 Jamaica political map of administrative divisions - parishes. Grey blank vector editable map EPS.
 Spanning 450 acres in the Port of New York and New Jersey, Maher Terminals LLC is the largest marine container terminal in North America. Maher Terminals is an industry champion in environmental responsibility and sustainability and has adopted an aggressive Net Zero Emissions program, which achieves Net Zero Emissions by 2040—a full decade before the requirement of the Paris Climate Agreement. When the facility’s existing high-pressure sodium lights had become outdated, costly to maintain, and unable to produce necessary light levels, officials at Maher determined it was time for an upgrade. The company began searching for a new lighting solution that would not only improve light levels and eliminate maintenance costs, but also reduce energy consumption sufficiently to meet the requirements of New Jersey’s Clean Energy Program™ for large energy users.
---
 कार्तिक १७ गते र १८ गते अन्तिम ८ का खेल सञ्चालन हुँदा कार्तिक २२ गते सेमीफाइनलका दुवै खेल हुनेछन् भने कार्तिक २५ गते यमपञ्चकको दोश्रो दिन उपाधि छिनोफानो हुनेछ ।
* * *
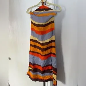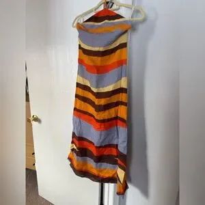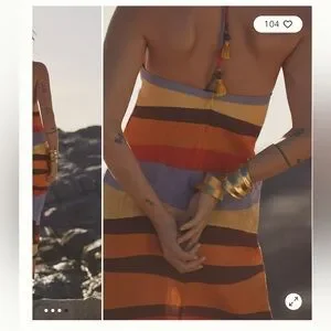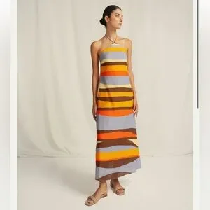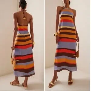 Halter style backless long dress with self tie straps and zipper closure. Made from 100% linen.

• Task to complete:
Begin at the line that has "Jamaica political map" in the entries above; stop after the line that has "Spanning 450 acres". Transcribe exactly those lines and no others.

• Solution to the exercise:
 Jamaica political map of administrative divisions - parishes. Grey blank vector editable map EPS.
 Spanning 450 acres in the Port of New York and New Jersey, Maher Terminals LLC is the largest marine container terminal in North America. Maher Terminals is an industry champion in environmental responsibility and sustainability and has adopted an aggressive Net Zero Emissions program, which achieves Net Zero Emissions by 2040—a full decade before the requirement of the Paris Climate Agreement. When the facility’s existing high-pressure sodium lights had become outdated, costly to maintain, and unable to produce necessary light levels, officials at Maher determined it was time for an upgrade. The company began searching for a new lighting solution that would not only improve light levels and eliminate maintenance costs, but also reduce energy consumption sufficiently to meet the requirements of New Jersey’s Clean Energy Program™ for large energy users.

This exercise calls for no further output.